Один из присутствующих заявил, что слышал уже эту историю от какого-то солдата, которому ее рассказал кузнец, а тому — сезонный рабочий. Это нимало не смутило француженку: в основе легенды всегда лежат реальные события и люди передают ее из уст в уста, делая общим достоянием. А если кто-то приукрасит ее, избавит от шероховатостей, добавит эффектных деталей, так это для того, чтобы сделать доступной для людей всех культур, чтобы она прошла через границы, через поколения. Ее истории предстоит проделать длинный путь, прежде чем она обретет окончательную форму.
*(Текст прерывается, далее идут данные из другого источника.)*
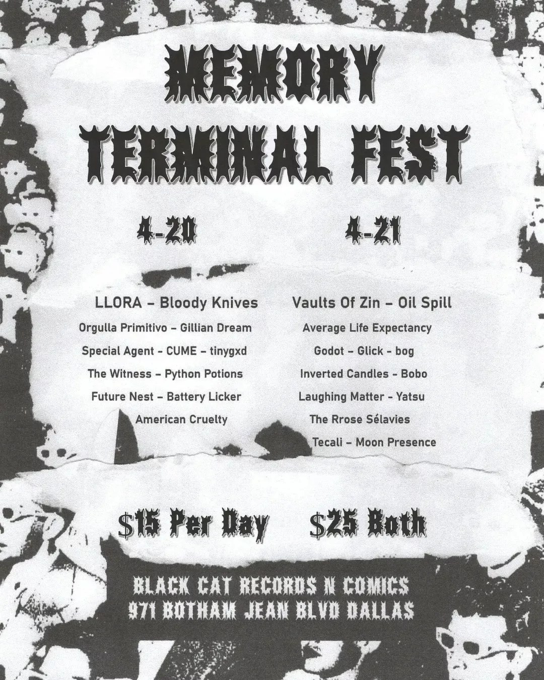 The first ever Memory Terminal Fest will be happening this April at Black Cat Records & Comics in Dallas, Texas on 4/20 and 4/21. They have assembled some of the sharpest acts their label has to offer, as well as some additional hometown heroes and a few out-of-towners. This lineup is epically stacked. More TBA such as vendors (food, drink, and art) and DJs, among other things. Keep your eyes peeled.
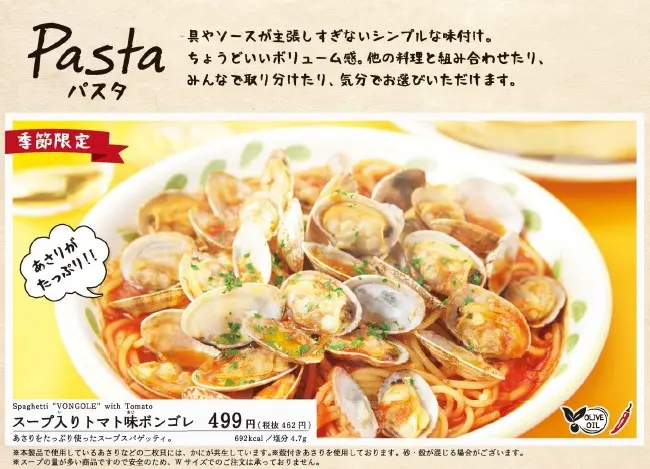 サイゼリヤ 季節のメニュー「スープ入り塩味ボンゴレ」Japan Course日本語。
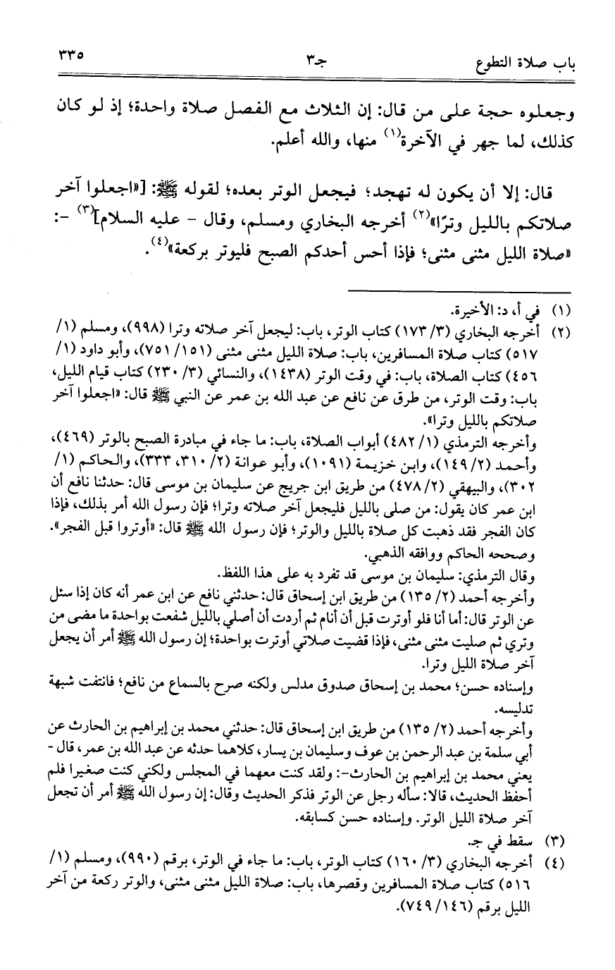 وجعلوه حجة على من قال: إن الثلاث مع الفصل صلاة واحدة؛ إذ لو كان كذلك، لما جره في الآخرة منها، والله أعلم.

Остановок до самой Индии не было предусмотрено, и несколько следующих дней она ехала, не делая привала. Вскоре она прибыла в город Куньямар, который миновала бы без приключений, если бы правящий в нем князь не поддался давлению своих советников, опасавшихся угрозы нашествия со стороны сопредельного государства. Появление в городе чужеземца не оставалось незамеченным, ему тут же предлагалось покинуть территорию, либо его задерживали и подвергали допросу. Так случилось и с путницей, утверждавшей, что она намеревается добраться до Запада, не имея иных провожатых, кроме двух собак. Она клялась, что, если ее отпустят в течение часа, она дотемна навсегда покинет королевство. Но совершить этого подвига ей не дали.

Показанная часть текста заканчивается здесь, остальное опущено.